Search code examples
utf-8common-lispgzip

Reading UTF-8 with with-open-gzip-file


I would like to read UTF-8 characters from a gzip-file as easily as from a normal text file.

Unfortunately with-open-gzip-file does not seem to work as expected.

I’ve tried this:

CL-USER> (require :gzip-stream)
NIL
CL-USER> (with-open-file (in "test-utf8.txt") (read-line in))
"abéè"
NIL
CL-USER> (gzip-stream:with-open-gzip-file (in "test-utf8.txt.gz") (read-line in))
"abéè"
NIL

I was expecting "abéè" instead of "abéè".

Is gzip-stream broken, and I should use another package, or is there some configuration, that I’m missing?

TIA for any hints, Peter


Solution

  • Digging around in the source, it looks like gzip-stream's implementation of read-char (And thus read-line) reads a single byte and converts that to a character with code-char; it will thus fail badly with any multibyte character encoding like UTF-8 (The stream classes inherit from fundamental-binary-input-stream/fundamental-binary-output-stream suggesting they're not really intended to read characters from in the first place).

    One workaround is to read bytes from the decompressed stream instead of characters, and decode those into a string via other means. For example, in CCL:

    CL-USER> (ql:quickload '(:alexandria :gzip-stream))
    CL-USER> (gzip-stream:with-open-gzip-file (in "test-utf8.txt.gz")
               (decode-string-from-octets
                 (alexandria:read-stream-content-into-byte-vector in)
                 :external-format :utf-8))
    "abéè"
    6
    

    SBCL has a sb-ext:octets-to-string function that works the same way.

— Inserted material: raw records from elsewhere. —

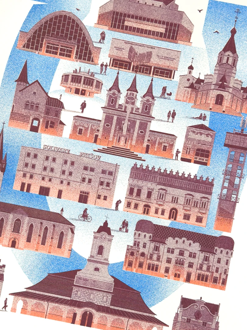 V smere od Košíc nás mesto privíta ikonickou autobusovou stanicou od architekta Jozefa Rijáka. Na Hlavnej ulici dominuje Katedrála sv. Mikuláša, postavená v 14. storočí, zatiaľ čo neďaleký Chrám sv. Alexandra Nevského na Pavlovičovom námestí odkazuje na pravoslávnu tradíciu mesta. Nad mestom sa týči Kalvária pochádzajúca z 18. storočia, ktorá nám poskytne nádherný výhľad na celé mesto, a keď prejdeme ďalej, narazíme aj na zvyšky mestského opevnenia. Na opačnej strane Prešova, v časti Solivar, kde sa ťažba soli začala už v 16. storočí, môžeme obdivovať industriálnu budovu solivaru, ktorá patrí k najstarším technickým pamiatkam v regióne. Modernú technickú históriu mesta si pripomíname aj vodárenskou vežou z 20. storočia na námestí Národného povstania, či vodárňou v Ľuboticiach, pred ktorou sa však v súčasnosti týči nákupný komplex.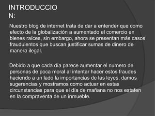 El documento trata sobre cómo el comercio de bienes raíces se ha convertido en una forma de lavar dinero debido a la globalización. Explica que cada vez hay más fraudes relacionados con la justificación ilegal de sumas de dinero a través de la compraventa de inmuebles. Propone un sitio web que brinde información legal sobre este tema, así como consejos para la detección, prevención y compra segura de bienes raíces.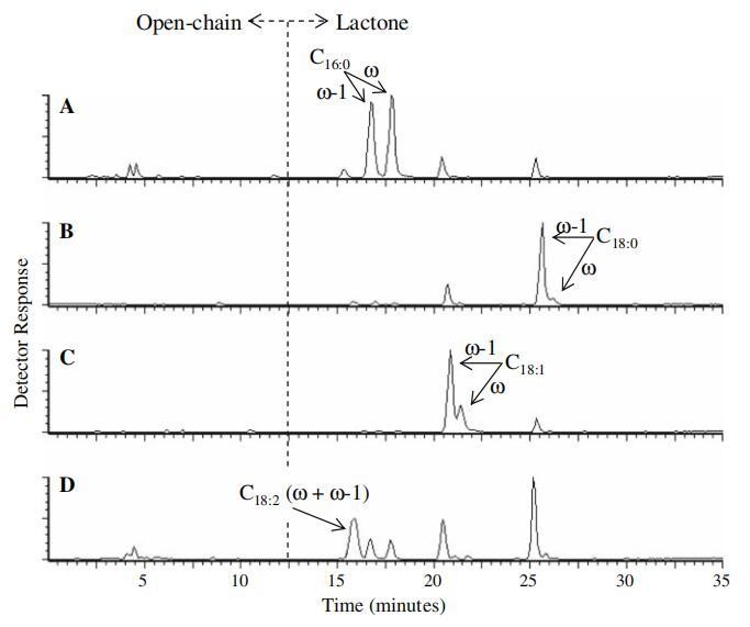 TIC(图2)中对应于含有棕榈酸、硬脂酸和油酸的SLs的峰均显示具有相同质谱的第二个峰。 根据之前报告的数据(Nun〜ez et al.2001),我们得出结论,在这两个峰中,首先洗脱的峰对应于结构变化,槐糖环的10-羟基和脂肪酸的x-1碳之间存在糖苷键,而随后的洗脱峰(通常是除SL-p外的一个次要峰) 通过糖环与脂肪酸的x碳之间的糖苷键连接。 根据APCI-MS结果,确定在每种情况下,无论底物如何,超过92%的SL分子为内酯构象(表1)。
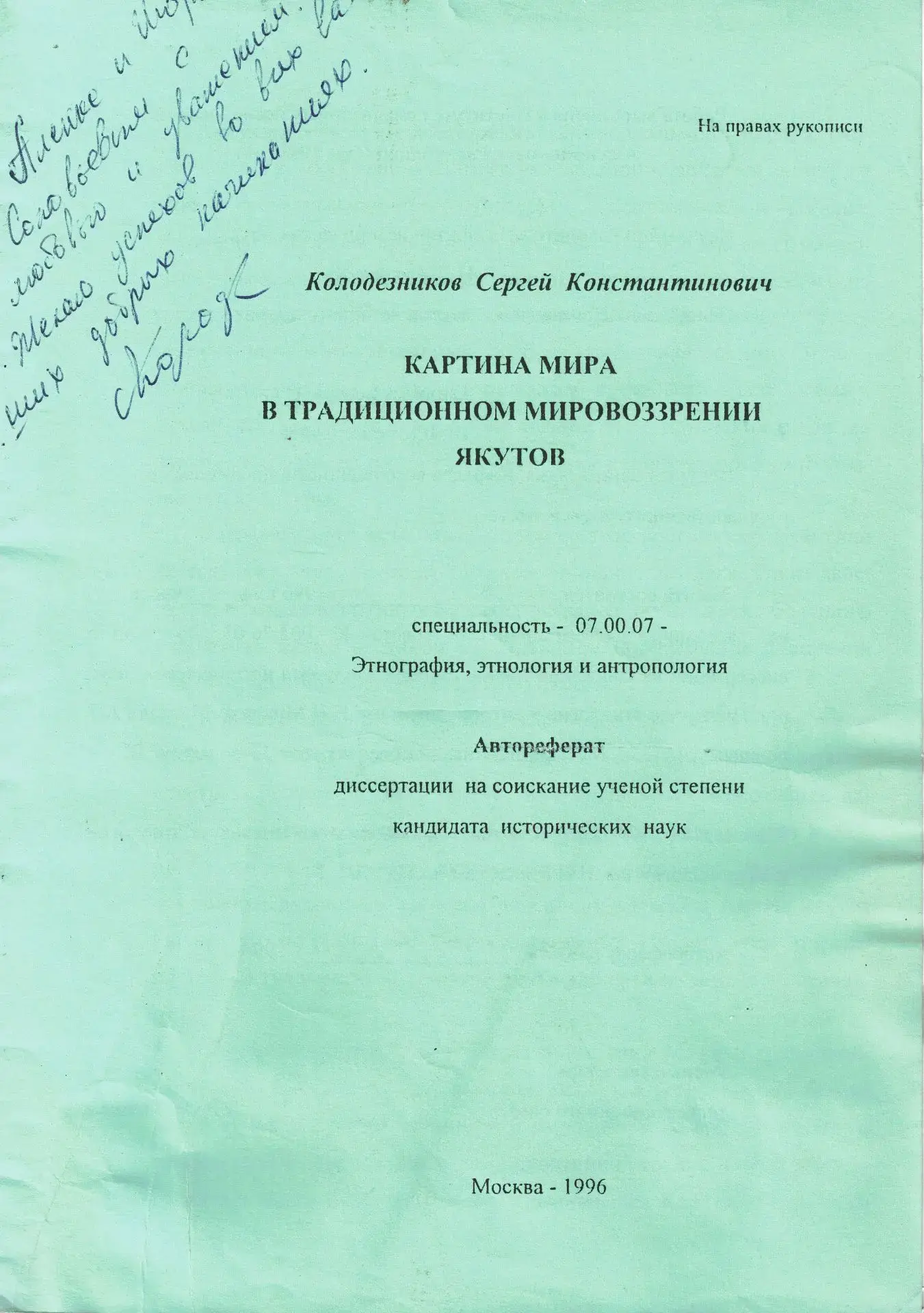 В 1996 году в Москве, в Институте этнологии и антропологии имени Н.Н. Миклухо-Маклая, защитил кандидатскую диссертацию на тему, которая стала главной темой его научной биографии: «Картина мира в традиционном мировоззрении якутов».

    In the case where reading the entire decompressed file into memory like the above isn't desired (There's a reason it's compressed, right?), the flexi-streams package lets you wrap a byte-oriented stream like the ones created by gzip-stream into a character-oriented one that can handle the conversion on demand so you can read line at a time:

    CL-USER> (gzip-stream:with-open-gzip-file (raw "test-utf8.txt.gz")
               (let ((utf8 (flexi-streams:make-flexi-stream raw :external-format :utf-8)))
                 (read-line utf8)))
    "abéè"
    NIL